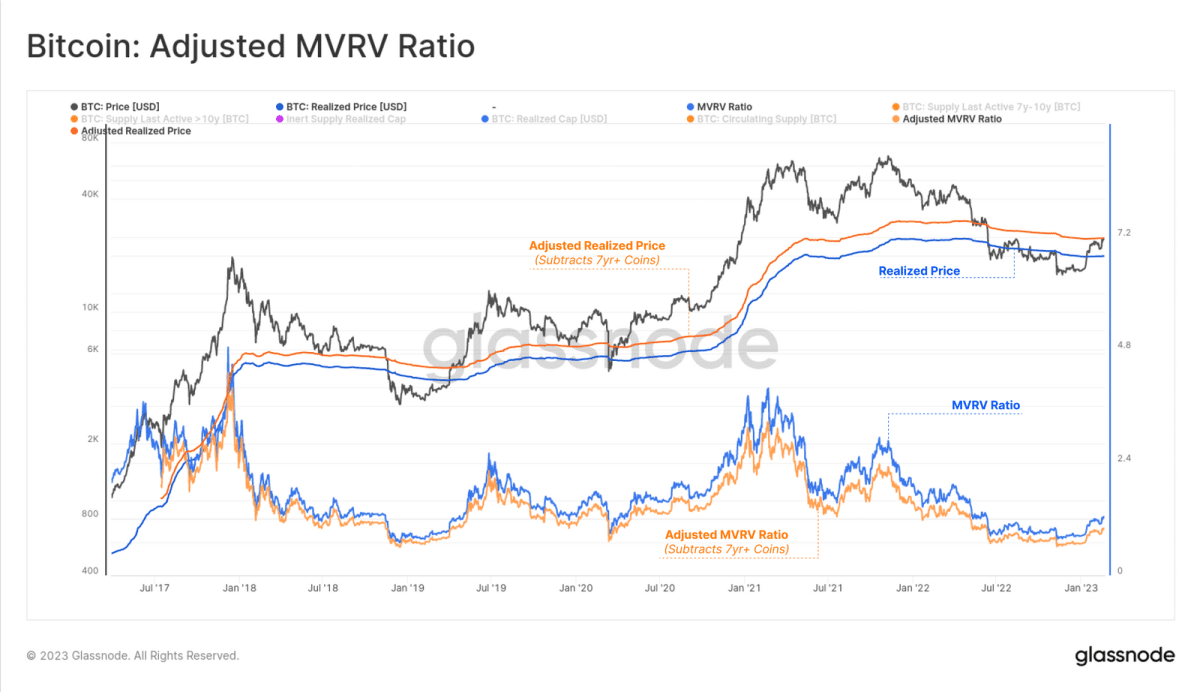 На графіку показаний скоригований MVRV, що віднімає нереалізований прибуток, який створився через монети, що тривалий час не були в обігу. Зрештою ми маємо скориговану ціну реалізації і вона є вищою, але точніше відображає середню ціну придбання монет. Це, у свою чергу, знижує коефіцієнт MVRV і забезпечує більш точний аналіз пропозиції ліквідних та мобільних монет.
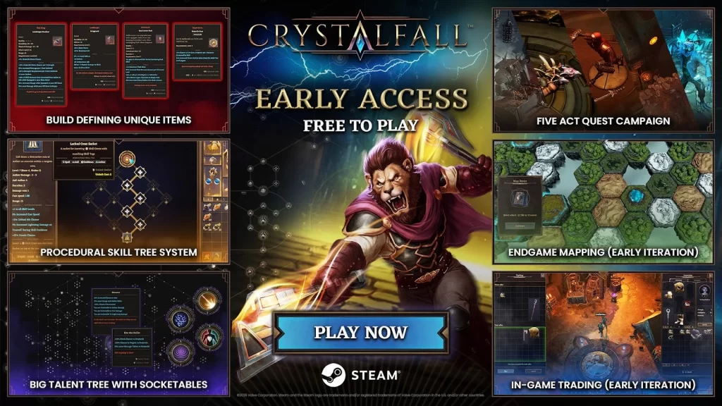 A CRG Studio anunciou que Crystalfall, seu ARPG online gratuito ambientado em um mundo steampunk, foi oficialmente lançado em Early Access no Steam. O jogo Crystalfall permite que jogadores de todo o mundo explorem um mundo em evolução com combate envolvente, construções baseadas em loot e desafios competitivos de final de jogo.
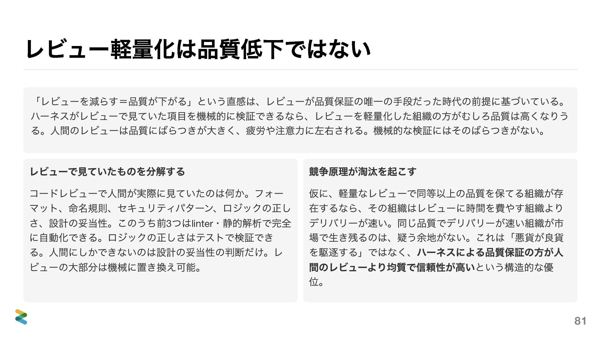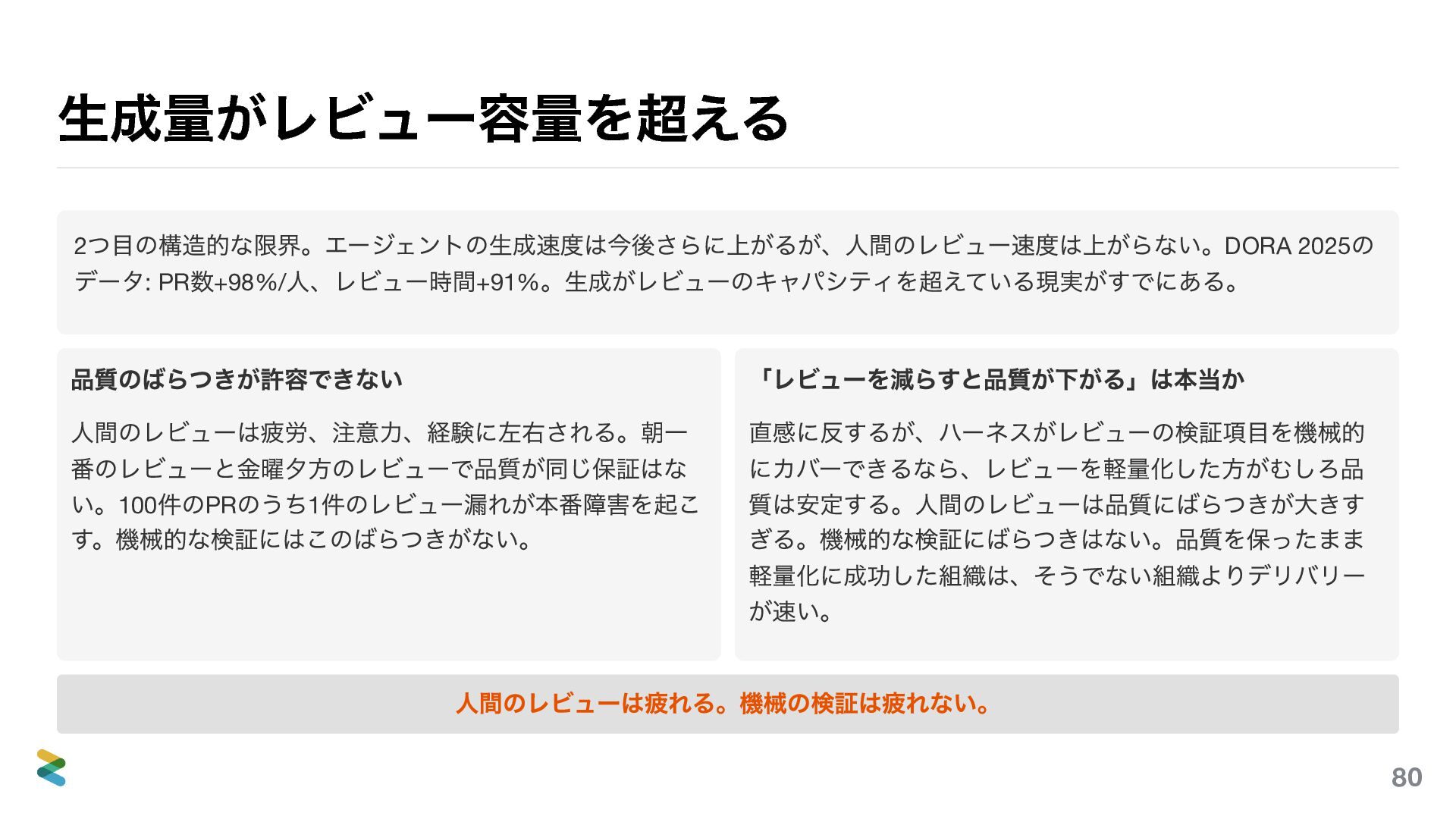 品質のばらつきが許容できない 人間のレビューは疲労、注意力、経験に左右される。朝一 番のレビューと金曜夕方のレビューで品質が同じ保証はな い。100 件のPR のうち1 件のレビュー漏れが本番障害を起こ す。機械的な検証にはこのばらつきがない。 「レビューを減らすと品質が下がる」は本当か 直感に反するが、ハーネスがレビューの検証項目を機械的 にカバーできるなら、レビューを軽量化した方がむしろ品 質は安定する。人間のレビューは品質にばらつきが大きす ぎる。機械的な検証にばらつきはない。品質を保ったまま 軽量化に成功した組織は、そうでない組織よりデリバリー が速い。 人間のレビューは疲れる。機械の検証は疲れない。 80

Work required | The finished copy should match the data above word for word and contain no pictures.

Response to the task |
 На графіку показаний скоригований MVRV, що віднімає нереалізований прибуток, який створився через монети, що тривалий час не були в обігу. Зрештою ми маємо скориговану ціну реалізації і вона є вищою, але точніше відображає середню ціну придбання монет. Це, у свою чергу, знижує коефіцієнт MVRV і забезпечує більш точний аналіз пропозиції ліквідних та мобільних монет.
 A CRG Studio anunciou que Crystalfall, seu ARPG online gratuito ambientado em um mundo steampunk, foi oficialmente lançado em Early Access no Steam. O jogo Crystalfall permite que jogadores de todo o mundo explorem um mundo em evolução com combate envolvente, construções baseadas em loot e desafios competitivos de final de jogo.
 品質のばらつきが許容できない 人間のレビューは疲労、注意力、経験に左右される。朝一 番のレビューと金曜夕方のレビューで品質が同じ保証はな い。100 件のPR のうち1 件のレビュー漏れが本番障害を起こ す。機械的な検証にはこのばらつきがない。 「レビューを減らすと品質が下がる」は本当か 直感に反するが、ハーネスがレビューの検証項目を機械的 にカバーできるなら、レビューを軽量化した方がむしろ品 質は安定する。人間のレビューは品質にばらつきが大きす ぎる。機械的な検証にばらつきはない。品質を保ったまま 軽量化に成功した組織は、そうでない組織よりデリバリー が速い。 人間のレビューは疲れる。機械の検証は疲れない。 80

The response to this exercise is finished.